> DIRECTIONS FOR THIS TASK
The listing below is to be given again in full and word for word, without its images.

> PROVIDED DATA
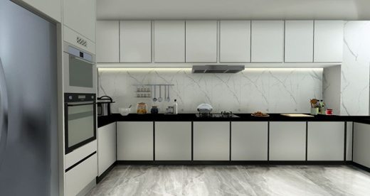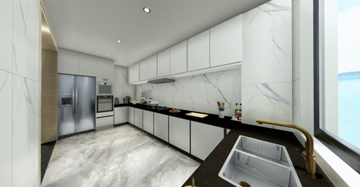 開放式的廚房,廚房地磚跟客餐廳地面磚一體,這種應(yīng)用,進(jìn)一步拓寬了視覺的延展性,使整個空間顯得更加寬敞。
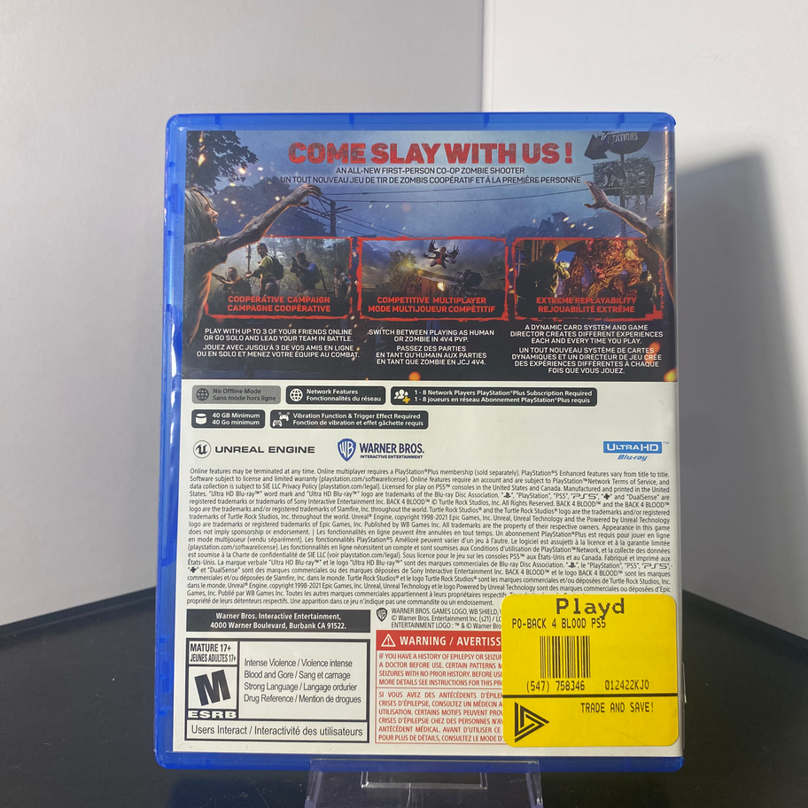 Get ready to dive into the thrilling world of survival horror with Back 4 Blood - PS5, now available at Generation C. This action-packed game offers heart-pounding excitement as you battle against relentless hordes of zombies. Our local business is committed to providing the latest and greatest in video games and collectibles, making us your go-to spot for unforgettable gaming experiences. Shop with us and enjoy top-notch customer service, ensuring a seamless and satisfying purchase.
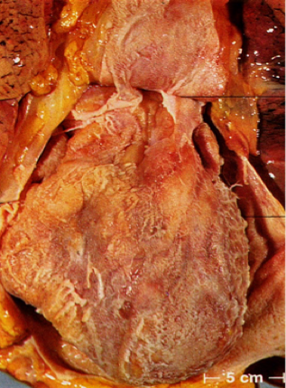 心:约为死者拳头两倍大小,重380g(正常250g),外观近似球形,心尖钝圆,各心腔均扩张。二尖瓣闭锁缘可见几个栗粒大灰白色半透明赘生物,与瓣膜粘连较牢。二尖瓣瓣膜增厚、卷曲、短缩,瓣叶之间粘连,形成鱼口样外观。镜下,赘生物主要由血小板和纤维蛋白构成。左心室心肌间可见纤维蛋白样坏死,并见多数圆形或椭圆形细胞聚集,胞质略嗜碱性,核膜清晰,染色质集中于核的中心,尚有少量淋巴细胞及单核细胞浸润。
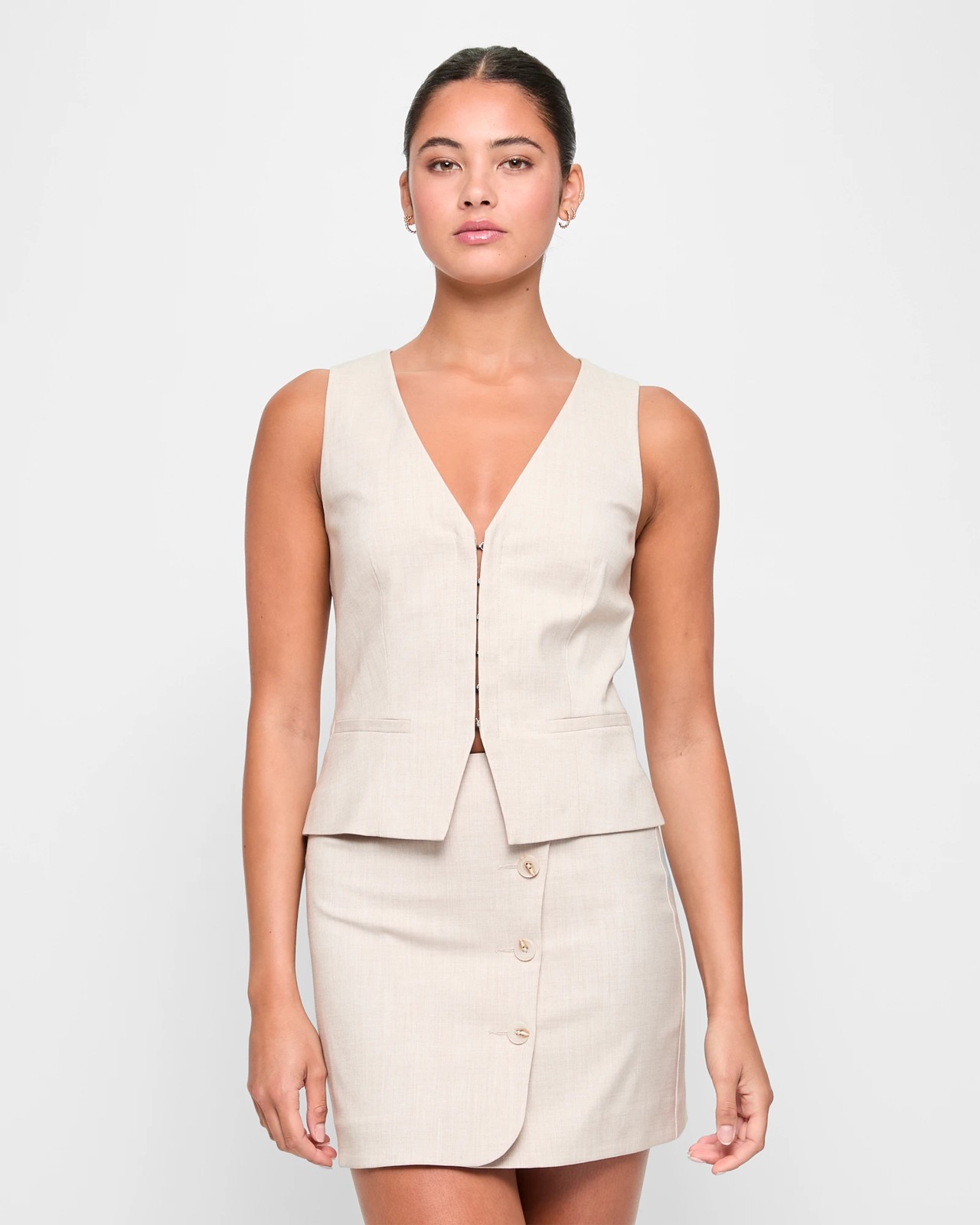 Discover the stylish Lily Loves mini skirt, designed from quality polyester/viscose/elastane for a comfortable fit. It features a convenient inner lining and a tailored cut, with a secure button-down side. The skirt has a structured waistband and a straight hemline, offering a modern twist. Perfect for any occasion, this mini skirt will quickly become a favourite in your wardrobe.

> OUTPUT
 開放式的廚房,廚房地磚跟客餐廳地面磚一體,這種應(yīng)用,進(jìn)一步拓寬了視覺的延展性,使整個空間顯得更加寬敞。
 Get ready to dive into the thrilling world of survival horror with Back 4 Blood - PS5, now available at Generation C. This action-packed game offers heart-pounding excitement as you battle against relentless hordes of zombies. Our local business is committed to providing the latest and greatest in video games and collectibles, making us your go-to spot for unforgettable gaming experiences. Shop with us and enjoy top-notch customer service, ensuring a seamless and satisfying purchase.
 心:约为死者拳头两倍大小,重380g(正常250g),外观近似球形,心尖钝圆,各心腔均扩张。二尖瓣闭锁缘可见几个栗粒大灰白色半透明赘生物,与瓣膜粘连较牢。二尖瓣瓣膜增厚、卷曲、短缩,瓣叶之间粘连,形成鱼口样外观。镜下,赘生物主要由血小板和纤维蛋白构成。左心室心肌间可见纤维蛋白样坏死,并见多数圆形或椭圆形细胞聚集,胞质略嗜碱性,核膜清晰,染色质集中于核的中心,尚有少量淋巴细胞及单核细胞浸润。
 Discover the stylish Lily Loves mini skirt, designed from quality polyester/viscose/elastane for a comfortable fit. It features a convenient inner lining and a tailored cut, with a secure button-down side. The skirt has a structured waistband and a straight hemline, offering a modern twist. Perfect for any occasion, this mini skirt will quickly become a favourite in your wardrobe.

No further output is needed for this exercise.